Ben 53 studi hanno riscontrato una correlazione tra la fede religiosa e una minore intelligenza
Secondo i ricercatori, i fedeli avrebbero un cervello “meno allenato” degli atei. Questo perché le religioni “hanno premesse irrazionali, non fondate su basi scientifiche e non verificabili che non attraggono chi è intelligente“.
Lo studio, intitolato “The Relation Between Intelligence and Religiosity: A Meta-Analysis and Some Proposed Explanations” e ripreso sul quotidiano inglese The Independent, è frutto dei ricercatori dell’Università di Rochester ed è stato supervisionato dal Prof. Miron Zuckerman.
La definizione attribuita al termine “intelligenza” dal team di psicologi è la seguente: “abilità di ragionare, risolvere problemi, pensare astrattamente, capire idee complesse, imparare velocemente e apprendere dall’esperienza”.
Mentre per descrivere il “credo” è stata utilizzata la seguente definizione: “il coinvolgimento in alcuni (o tutti) gli aspetti della religione”.
La correlazione negativa fra IQ e fede inizierebbe dall’infanzia: secondo lo studio, i bambini che manifestano un maggiore acume sono anche i primi ad allontanarsi dal credo in una religione.
La situazione sarebbe speculare anche in vecchiaia: i non credenti anziani avrebbero difatti un intelletto sopra alla media.
In uno degli studi presi in considerazione da Zuckerman, ha seguito durante la loro vita 1.500 bambini dotati di QI 135, sopra alla media, a partire dal 1921.
Il risultato ottenuto ha nuovamente confermato come dall’infanzia fino alla tarda età i soggetti con quoziente intellettivo sopra alla media abbiano dimostrato un livello di religiosità nettamente inferiore alla media.
Giudicando il numero elevato di studi effettuati appare evidente come questa non rappresenti un’idea nuova e isolata.
Anche il professore emerito dell’Università di Ulster, Richard Lynn, ha sostenuto questa teoria nel 2008: secondo il luminare la maggioranza dell’elite intellettuale britannica si considera atea.
Il declino delle religioni nell’emisfero occidentale sarebbe quindi avvenuto di pari passo con l’aumento delle facoltà intellettive.
Va sottolineato come questo tipo di studi esponga i responsabili a pesanti critiche spesso dovute a pregiudizi o razzismo.
Occorre inoltre sottolineare che la maggioranza dei credenti, oggigiorno, viva in paesi in via di sviluppo. Questo fattore risulterebbe decisivo nel far pendere l’ago della bilancia dalla parte di quella che si considera ‘ignoranza’.

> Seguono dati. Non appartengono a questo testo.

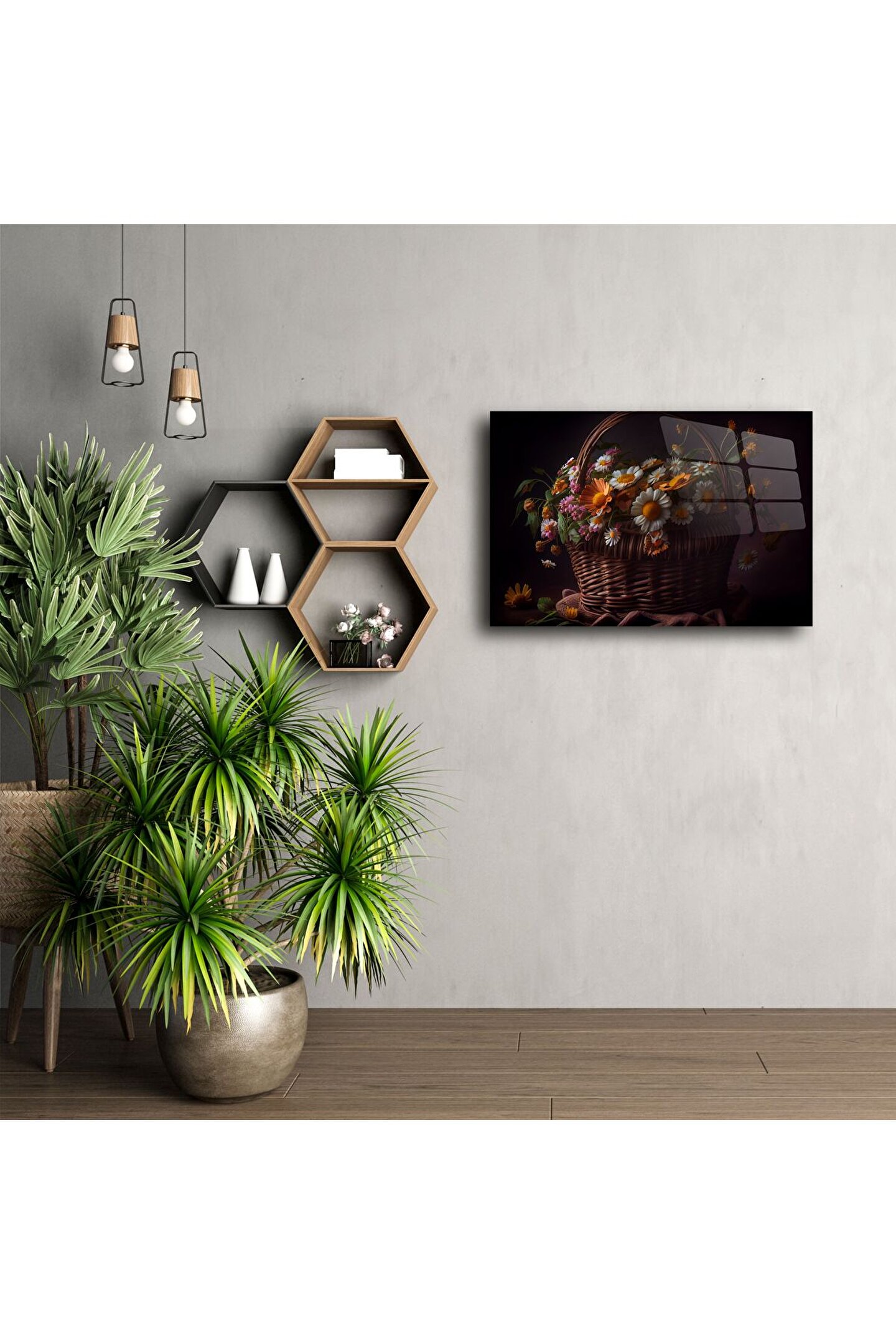 LEYLASER Rustik Hasır Sepette Papatya ve Bahar Çiçekleri Kanvas Cam Tablo

Spesso è spesso correlata a sistemi scolastici meno sviluppati o livelli di alfabetizzazioni inferiori.
Ci sarebbero pareri discordanti anche per quanto concerne la definizione di intelligenza: secondo alcuni ricercatori devono essere considerati anche fattori quali la sensibilità e l’emotività.
D’altro canto, un altro grande intellettuale scriveva: “Un uomo può ignorare di avere una religione, come può ignorare di avere un cuore. Ma senza religione, come senza cuore, un uomo non può esistere” (L. Tolstoj, 1983).